Data section below:
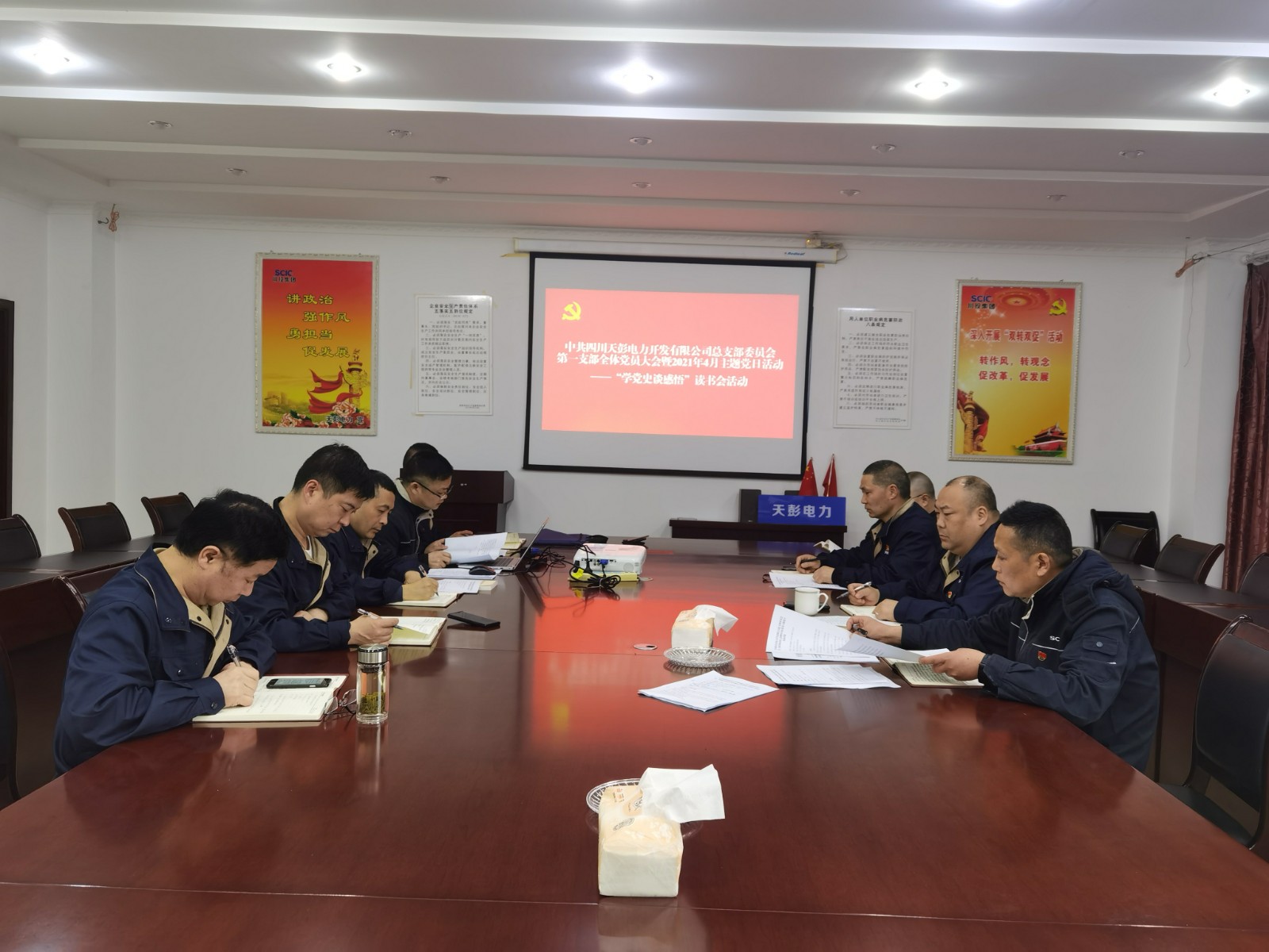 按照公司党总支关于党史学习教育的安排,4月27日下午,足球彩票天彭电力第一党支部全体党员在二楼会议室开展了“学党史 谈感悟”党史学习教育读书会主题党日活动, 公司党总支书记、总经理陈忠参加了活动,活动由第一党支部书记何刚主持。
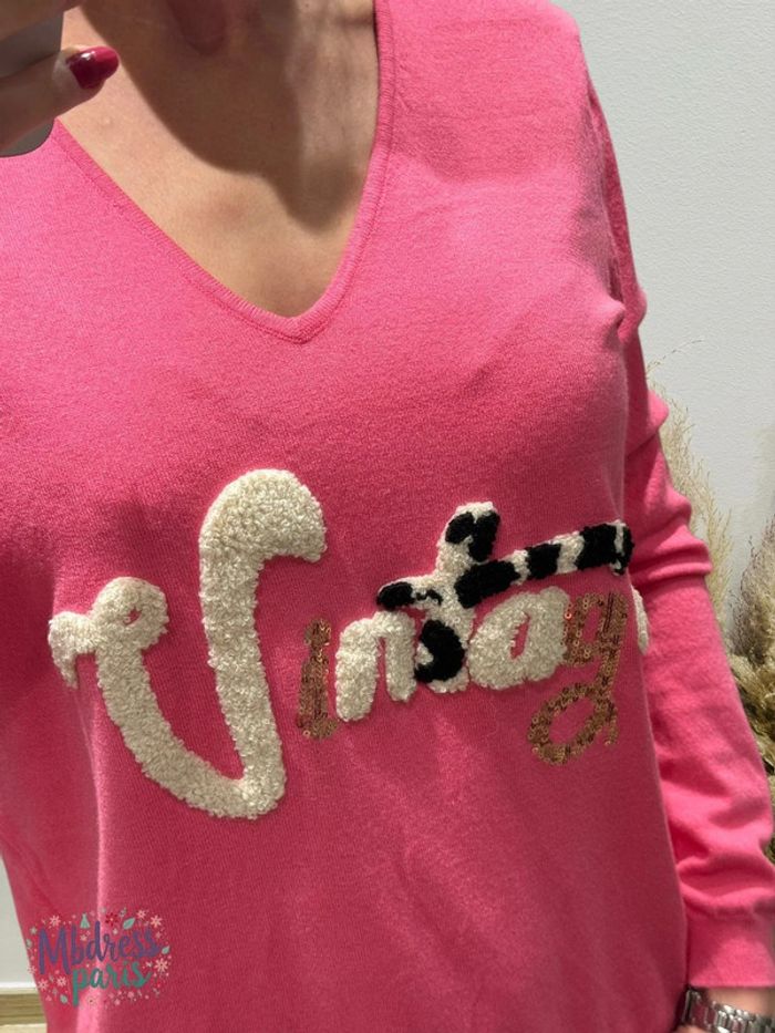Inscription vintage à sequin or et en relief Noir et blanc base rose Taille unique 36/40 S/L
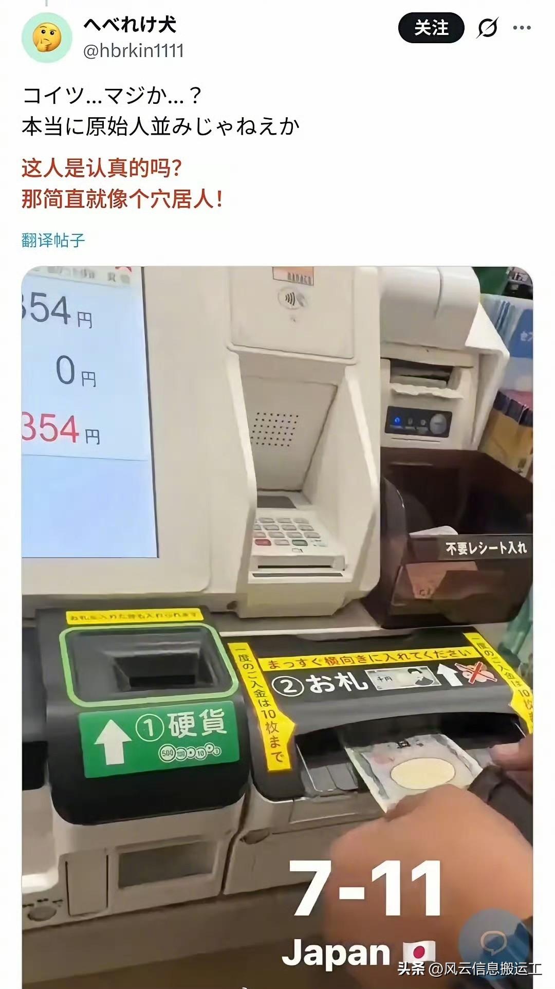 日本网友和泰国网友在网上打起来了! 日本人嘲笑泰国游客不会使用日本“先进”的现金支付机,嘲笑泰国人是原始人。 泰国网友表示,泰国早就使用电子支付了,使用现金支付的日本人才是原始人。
End of Data section.
#### [Task statement]
The expected answer is the lines from the one that has "Inscription vintage à" to the end of the listing, transcribed exactly, with pictures left out and no other line added.

#### [Response area]
Inscription vintage à sequin or et en relief Noir et blanc base rose Taille unique 36/40 S/L
 日本网友和泰国网友在网上打起来了! 日本人嘲笑泰国游客不会使用日本“先进”的现金支付机,嘲笑泰国人是原始人。 泰国网友表示,泰国早就使用电子支付了,使用现金支付的日本人才是原始人。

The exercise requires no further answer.